• [Records for this exercise]:
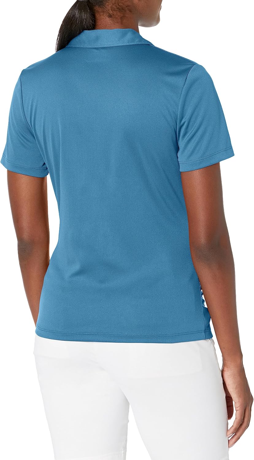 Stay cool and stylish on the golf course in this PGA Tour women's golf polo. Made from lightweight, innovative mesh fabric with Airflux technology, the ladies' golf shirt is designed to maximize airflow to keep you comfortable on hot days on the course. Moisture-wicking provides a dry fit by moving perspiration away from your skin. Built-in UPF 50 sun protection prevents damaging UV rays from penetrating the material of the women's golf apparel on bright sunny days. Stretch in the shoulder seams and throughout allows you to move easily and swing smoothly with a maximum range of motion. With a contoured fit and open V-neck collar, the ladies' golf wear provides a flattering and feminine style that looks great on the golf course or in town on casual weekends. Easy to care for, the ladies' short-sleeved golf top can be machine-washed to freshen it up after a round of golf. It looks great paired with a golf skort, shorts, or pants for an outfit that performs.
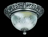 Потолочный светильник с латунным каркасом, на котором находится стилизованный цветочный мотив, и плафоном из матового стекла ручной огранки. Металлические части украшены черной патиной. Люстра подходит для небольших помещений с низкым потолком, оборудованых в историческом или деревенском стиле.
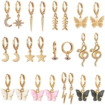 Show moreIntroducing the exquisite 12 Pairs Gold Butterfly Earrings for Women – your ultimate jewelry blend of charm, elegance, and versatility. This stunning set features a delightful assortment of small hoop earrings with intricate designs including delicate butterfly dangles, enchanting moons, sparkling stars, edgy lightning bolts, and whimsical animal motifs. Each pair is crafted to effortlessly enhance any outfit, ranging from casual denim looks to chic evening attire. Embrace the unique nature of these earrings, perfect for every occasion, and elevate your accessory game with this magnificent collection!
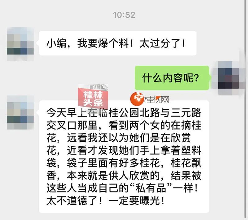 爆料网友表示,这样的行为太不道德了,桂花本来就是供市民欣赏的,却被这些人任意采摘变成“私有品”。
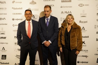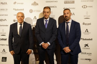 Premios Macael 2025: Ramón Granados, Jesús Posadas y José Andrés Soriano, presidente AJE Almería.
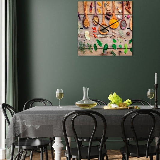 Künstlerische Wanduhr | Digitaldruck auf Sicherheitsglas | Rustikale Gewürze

* * *

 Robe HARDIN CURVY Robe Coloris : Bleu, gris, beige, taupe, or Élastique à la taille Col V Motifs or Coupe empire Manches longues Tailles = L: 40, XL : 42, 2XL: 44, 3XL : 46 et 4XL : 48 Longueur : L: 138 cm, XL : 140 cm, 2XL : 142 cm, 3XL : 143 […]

---

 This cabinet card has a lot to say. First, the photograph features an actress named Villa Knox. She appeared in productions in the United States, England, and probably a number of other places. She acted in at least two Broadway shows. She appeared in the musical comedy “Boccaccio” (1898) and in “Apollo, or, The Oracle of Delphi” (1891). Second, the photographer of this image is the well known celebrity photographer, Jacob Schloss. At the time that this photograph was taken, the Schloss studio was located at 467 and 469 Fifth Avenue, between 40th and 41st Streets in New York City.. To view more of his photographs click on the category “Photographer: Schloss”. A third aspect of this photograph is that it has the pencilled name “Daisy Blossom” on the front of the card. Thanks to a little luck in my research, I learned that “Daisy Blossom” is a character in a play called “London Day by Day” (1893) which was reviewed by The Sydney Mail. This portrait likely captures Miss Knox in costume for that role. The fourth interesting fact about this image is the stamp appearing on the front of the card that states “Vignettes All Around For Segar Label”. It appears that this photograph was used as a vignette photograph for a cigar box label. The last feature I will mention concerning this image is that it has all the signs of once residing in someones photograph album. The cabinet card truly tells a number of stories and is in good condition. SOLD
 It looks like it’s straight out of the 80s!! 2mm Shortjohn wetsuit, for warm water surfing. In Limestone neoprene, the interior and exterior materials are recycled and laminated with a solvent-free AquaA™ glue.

• [Task]: Leaving pictures out, output the lines of the data above from the one with "Premios Macael 2025: Ramón" through the one with "Künstlerische Wanduhr |", word for word.

• [Output below]:
 Premios Macael 2025: Ramón Granados, Jesús Posadas y José Andrés Soriano, presidente AJE Almería.
 Künstlerische Wanduhr | Digitaldruck auf Sicherheitsglas | Rustikale Gewürze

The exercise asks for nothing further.